5. Compute on Spider

Tip

This is a quickstart on the platform. In this page you will learn:

  • how to prepare and run your workloads

  • about job types, partitions and Slurm constraints

The table below lists the available* Spider node types.

Number of nodes

Node name

CPU SKU

CPU cores per node

Total memory per node (per core)

Other characteristics

Included in the partition

25

wn-ca-[01-25]

AMD Rome 64 Cores/Socket

64

480 GB (7,5 GB)

Local scratch 6TB SSD

normal, infinite, short, interactive

18

wn-dc-[01-18]

AMD Rome 64 Cores/Socket

64

960 GB (15 GB)

Local scratch 12TB SSD

normal

5

wn-ha-[01-05]

AMD Rome 64 Cores/Socket

64

950 GB (14,85 GB)

Local scratch 12TB SSD

normal, infinite

5

wn-hb-[01-05]

AMD Naples 64 Cores/Socket

64

950 GB (14,85 GB)

Local scratch 12TB SSD

normal

2

wn-gp-[01,02]

Intel Cascade Lake 22 Cores/Socket

22

720 GB (32,77 GB)

Local scratch 6TB SSD

gpu_v100

3

wn-ga-[01-03]

AMD Rome (2x) 7 Cores/Socket

14

229 GB (16,38 GB)

Local scratch 6TB SSD

gpu_a100_7c

5

wn-gb-[01-05]

Intel Ice Lake(2x) 22 Cores/Socket

44

353 GB (8 GB)

Local scratch 6TB SSD

gpu_a100_22c

  • Updated on the 29th November, 2023.

5.1. Prepare your workloads

When you submit jobs to the batch system, you create a job script where you specify the resources that your programs need from the system to execute successfully.

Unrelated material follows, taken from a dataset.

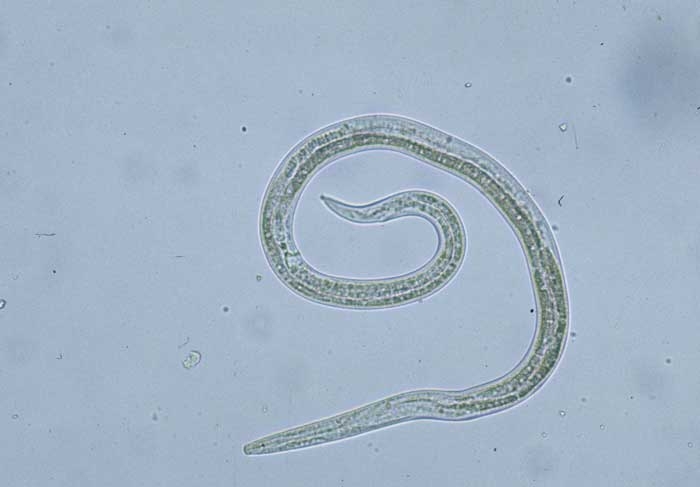 Les taches polygonales traduisant la présence de ce nématode foliaire dans le limbe sont très caractéristiques (figures 1 à 3) et sont à l'origine du nom de cette affection "maladie des taches foliaires en damier». Elles apparaissent d'abord sur les feuilles basses. Leur couleur est d'abord jaunâtre à vert clair puis évolue vers le brun sombre et, parfois même, vers le noir. Ces taches sont toujours délimitées par les nervures, ce qui est à l'origine de leur aspect polygonal. Cette maladie vermiculaire, due à Aphelenchoides ritzemabosi (figure 4) et affectant plutôt le chrysanthème, est assez peu fréquente en France. Elle a surtout été signalée dans le Sud-Ouest, et plus particulièrement dans le département des Pyrénées Atlantiques.

Before submitting your jobs, it is a good practice to run a few tests of your programs locally (on the login node or other system) and observe:

  1. the time that your programs take to execute

  2. the amount of cores that your software needs to execute these tasks

  3. the maximum memory used by the programs during execution

We suggest you, where possible, first debug your job template on the login node. In doing so, please take into account that the login node is a shared resource and hence any job testing should consume the least demanding set of resources. If you have high resource demands please contact our helpdesk for support in testing your jobs.

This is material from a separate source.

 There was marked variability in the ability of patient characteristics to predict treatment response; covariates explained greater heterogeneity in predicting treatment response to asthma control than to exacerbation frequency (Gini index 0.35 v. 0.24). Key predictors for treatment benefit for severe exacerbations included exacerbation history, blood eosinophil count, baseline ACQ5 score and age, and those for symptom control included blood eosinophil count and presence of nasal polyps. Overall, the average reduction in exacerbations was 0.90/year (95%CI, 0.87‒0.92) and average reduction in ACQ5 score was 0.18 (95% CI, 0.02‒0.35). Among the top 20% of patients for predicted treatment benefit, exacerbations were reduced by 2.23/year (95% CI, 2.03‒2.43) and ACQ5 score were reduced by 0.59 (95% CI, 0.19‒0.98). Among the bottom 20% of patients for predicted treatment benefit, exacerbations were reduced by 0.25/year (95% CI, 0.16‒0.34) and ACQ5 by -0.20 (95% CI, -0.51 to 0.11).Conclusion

Once you get a rough estimate of the resources above, you are set to go. Create your job script to request from the scheduler the estimated resources.

In the current setup of Slurm on Spider, we ask you to specify at least the following attributes:

SBATCH directive

Functionality

Usage example

-N <number>

the number of nodes

#SBATCH -N 1 (the job will run on a single node)

-c <number>

the number of cores

#SBATCH -c 2 (the job will use 2 cores couple to 16000 MB memory)

-t HH:MM:SS

the wall-clock time

#SBATCH -t 1:00:00 (the job will run max for 1 hour)

-p <partition>

partition selection

#SBATCH -p normal (the job will run max for 120 hours)

-p <partition>

partition selection

#SBATCH -p infinite (the job will run max for 720 hours)

-p <partition>

partition selection

#SBATCH -p short (the job will run max for 12 hours)

-p <partition>

partition selection

#SBATCH -p interactive (the job will run max for 12 hours)

-p <partition>

partition selection

#SBATCH -p gpu_v100 (the job will run on V100 nodes with a max of 120 hours)

-p <partition>

partition selection

#SBATCH -p gpu_a100_22c (the job will run on A100 nodes with a max of 120 hours, with max 22 cores per GPU)

-p <partition>

partition selection

#SBATCH -p gpu_a100_7c (the job will run on A100 nodes with a max of 120 hours, with max 7 cores per GPU)

The specifics of each partition can be found with scontrol show partitions, the information per machine can be found with scontrol show node NAME, where NAME is the name of the worker node and for a simple overview use sinfo.

5.2. Run your jobs

5.2.1. Running a local Job with srun

The srun command creates an allocation and executes an application on a cluster managed by Slurm. It comes with a great deal of options for which help is available by typing srun --help on the login node. Alternatively, you can also get help at the Slurm documentation page.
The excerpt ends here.